Prometheus的relabel_configs:
promethues的relabeling(重新修改标签)功能很强大,它能够在抓取到目标实例之前把目标实例的元数据标签动态重新修改,动态添加或者覆盖标签
prometheus加载target成功之后,在Target实例中,都包含一些Metadata标签信息,默认的标签有:
__address__:以<host>:<port> 格式显示目标targets的地址
__scheme__:采集的目标服务地址的Scheme形式,HTTP或者HTTPS
__metrics_path__:采集的目标服务的访问路径

Prometheus怎么从Target实例中获取监控数据就是通过上面这些标签获取得,上面列举的是一些默认标签,我们还可以为Target添加一些自定义的标签,我们可以在配置文件中设置relabeling重写规则

relabel_configs配置详细说明:
action:action定义了relabel的动作,action支持多种,如下

replace: 替换标签值,根据regex正则匹配到源标签的值,并把匹配的值写入到目的标签中
keep: 满足regex正则条件的实例进行采集,把source_labels中没有匹配到regex正则内容的Target实例丢掉
drop: 满足regex正则条件的实例不采集,把source_labels中匹配到regex正则内容的Target实例丢掉
labeldrop:  对抓取到的符合过滤规则的target标签进行删除
labelkeep:  对抓取到的符合过滤规则的target标签进行保留


source_labels:源标签,没有经过relabel处理之前的标签名字
target_label:通过action处理之后的新的标签名字
regex:正则表达式,匹配源标签
replacement:replacement指定的替换后的标签(target_label)对应的数值

1.prometheus配置endpoints模式的服务发现-监控apiserver组件

apiserver作为Kubernetes最核心的组件,它的监控也是非常有必要的,对于apiserver的监控,我们可以直接通过kubernetes的service来获取
kubectl get svc
NAME         TYPE        CLUSTER-IP   EXTERNAL-IP   PORT(S)   AGE
kubernetes   ClusterIP   10.96.0.1    <none>        443/TCP   2d5h

上面的service是我们集群的apiserver内部的service的地址,要自动发现service类型的服务,需要使用role为Endpoints的kubernetes_sd_configs (自动发现),我们只需要在configmap里面在添加Endpoints类型的服务发现

   -  job_name: 'kubernetes-apiserver'
      kubernetes_sd_configs:
      - role: endpoints
      scheme: https
      tls_config:
        ca_file: /var/run/secrets/kubernetes.io/serviceaccount/ca.crt
      bearer_token_file: /var/run/secrets/kubernetes.io/serviceaccount/token
      relabel_configs:
      - source_labels: [__meta_kubernetes_namespace, __meta_kubernetes_service_name, __meta_kubernetes_endpoint_port_name]
        action: keep
        regex: default;kubernetes;https


#参数解释
action: keep #保留哪些标签 
regex: default;kubernetes;https #匹配namespace下的default命名空间下的kubernetes service 

https协议 可以通过kubectl describe svc kubernetes查看到

注:修改prometheus-cfg.yaml文件生效步骤
kubectl apply -f prometheus-cfg.yaml
kubectl delete -f prometheus-deploy.yaml 
kubectl apply -f prometheus-deploy.yaml

2.prometheus监控apiserver的各监指标介绍

官网:https://github.com/signalfx/integrations/blob/master/signalfx-agent/agent_docs/monitors/kubernetes-apiserver.md

Apiserver组件是k8s集群的入口,所有请求都是从apiserver进来的,所以对apiserver指标做监控可以用来判断集群的健康状况
参考:https://www.jianshu.com/p/02917b280ebe
1、apiserver_request_count
apiserver_request_count 表示apiserver请求次数
(1)Kubernetes中的各种资源指标在1min钟之内的请求速率sum(rate(apiserver_request_count[1m])) by (resource, subresource, verb)
请求的动作有WATCH,LIST,POST,PATCH,PUT,GET,DELETE和CONNECT
(2)1分钟的错误率和请求率的比率
rate(apiserver_request_count{code=~"^(?:5..)$"}[1m]) / rate(apiserver_request_count[1m])

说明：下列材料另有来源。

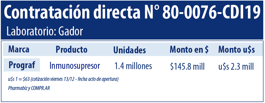 La compañía que se postuló a tales efectos fue el laboratorio nacional Gador, el que podría computar un total de $145.8 millones (u$s 2.3 millones) por la venta de 1.4 millones de unidades de su marca Prograf, a base de tacrolimus. Ver contratación.
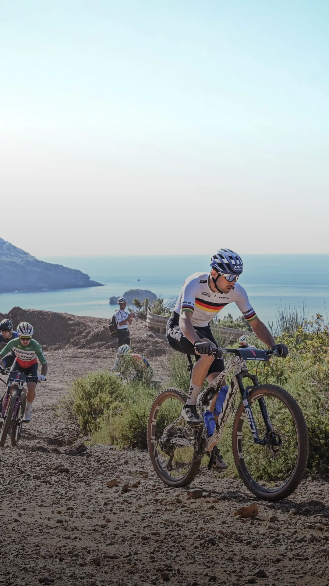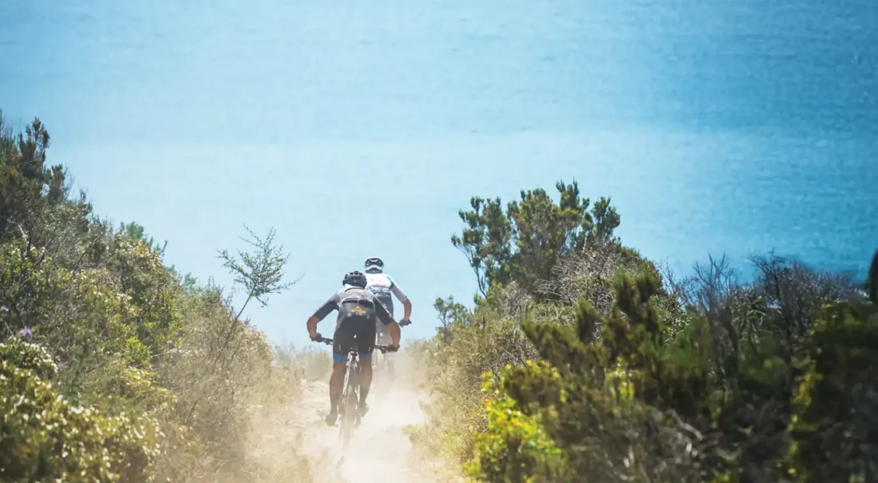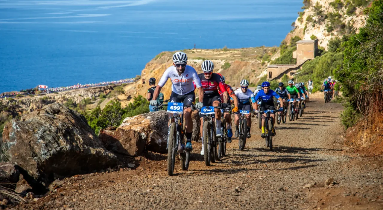 Il percorso Marathon è una prova vera: 72 chilometri e 2700 metri di dislivello in un ambiente unico per contrasti e intensità. Terra rossa, macchia mediterranea e il blu profondo del Tirreno accompagnano ogni pedalata, con tratti in cui sembra di tuffarsi nel mare.

2、apiserver_request_total表示请求次数:对服务的请求、来自哪里、到哪个服务、哪个操作以及是否成功:
(1)获得所有成功的请求,状态码是200的请求总数:
sum(rate(apiserver_request_total{job="kubernetes-apiserver",code=~"2.."}[5m]))
(2)获取状态码是400或者500的请求总数
sum(rate(apiserver_request_total{job="kubernetes-apiserver",code=~"[45].."}[5m]))

apiserver_request_duration_seconds 表示请求耗时时间



一、apiserver_admission_controller组
以下所有指标都是apiserver_admission_controller 组的一部分
apiserver_admission_controller_admission_duration_seconds (cumulative)
Admission controller latency histogram in seconds, identified by name and broken out for each operation and API resource and type (validate or admit). (sum)
apiserver_admission_controller_admission_duration_seconds_bucket (cumulative)
Admission controller latency histogram in seconds, identified by name and broken out for each operation and API resource and type (validate or admit). (bucket)
apiserver_admission_controller_admission_duration_seconds_count (cumulative)
Admission controller latency histogram in seconds, identified by name and broken out for each operation and API resource and type (validate or admit). (count)
apiserver_admission_controller_admission_latencies_milliseconds (cumulative)
(Deprecated) Admission controller latency histogram in milliseconds, identified by name and broken out for each operation and API resource and type (validate or admit). (sum)
apiserver_admission_controller_admission_latencies_milliseconds_bucket (cumulative)
(Deprecated) Admission controller latency histogram in milliseconds, identified by name and broken out for each operation and API resource and type (validate or admit). (bucket)
apiserver_admission_controller_admission_latencies_milliseconds_count (cumulative)
(Deprecated) Admission controller latency histogram in milliseconds, identified by name and broken out for each operation and API resource and type (validate or admit). (count)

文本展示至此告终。